Bio: Gerald G. Brown, Ph.D., is a Distinguished Professor of Operations Research and Executive Director of the Center for Infrastructure Defense at the Naval Postgraduate School, where he has taught and conducted research in optimization and optimization-based decision support since 1973, earning awards for both outstanding teaching and research. His military research has been applied by every uniformed service, in areas ranging from strategic nuclear targeting to capital planning. He has been awarded the Barchi, Rist, and Thomas prizes for military operations research, and been credited with guiding investments of more than a trillion dollars. He has designed and implemented decision support software used by the majority of the Fortune 50, in areas ranging from vehicle routing to supply chain optimization. His research appears in scores of open-literature publications and classified reports, some of which are seminal references. Brown is a member of the National Academy of Engineering, a recipient of the U.S. Navy Distinguished Civilian Service Medal, and an INFORMS Fellow.
Title: The Goals of Analysis are Understanding, Decisions, and Influencing Policy
Abstract: While we are variously skilled at applying a diverse set of mathematical tools to analysis, we all share (or should share) the same goals: understand the problem at hand; advise decisions influencing that problem; and influence policy for dealing with entire classes of problems resembling the one we analyze. Sometimes, our answers are not welcomed by a client who brings us a problem, and we face significant obstacles to conveying good, convincing advice and thus contributing to good decision policy. There are a number of techniques that apply to such situations and cross all our various analysis domains.
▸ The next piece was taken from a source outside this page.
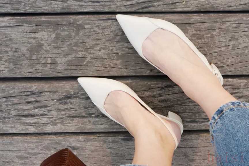 尖頭+低跟拉長(zhǎng)腳背,顯得腳面腳踝都秀秀氣氣的!

Few of these appear in textbooks or our open literature. These turn out to be vitally important for success.
Keynote: Stephen Prather, SportSource Analytics
Bio: Stephen Prather is one of the co-founders of SportSource Analytics. Stephen is a native of Atlanta, GA and earned his undergraduate and MBA degree from Vanderbilt University. His experiences have taken him from Capitol Hill to commercial real estate brokerage to advanced data analytics. He lives in Nashville, TN with his wife and four girls.
Title: SportSource Analytics and the Pursuit of Usefulness
Abstract: Think back about 15 years ago about how difficult it was for anyone to access large amounts of data on virtually any subject. Now, think about how easy it is today for virtually anyone to access enormous amounts of data with the click of a few buttons. We live in an extremely data rich world. We are surrounded by information and data in all walks of life. The problem with all of this “big data” is that we are really struggling in finding ways to make it small and more importantly make it USEFUL.
My talk is going to be about how four guys all working full-time jobs and without a single advanced degree in any sort of statistical analysis between them were able to become the official analytic consultant to the college football playoff selection committee. This is a story of the pursuit of being useful and understanding that data is only as good as the analysis associated with it.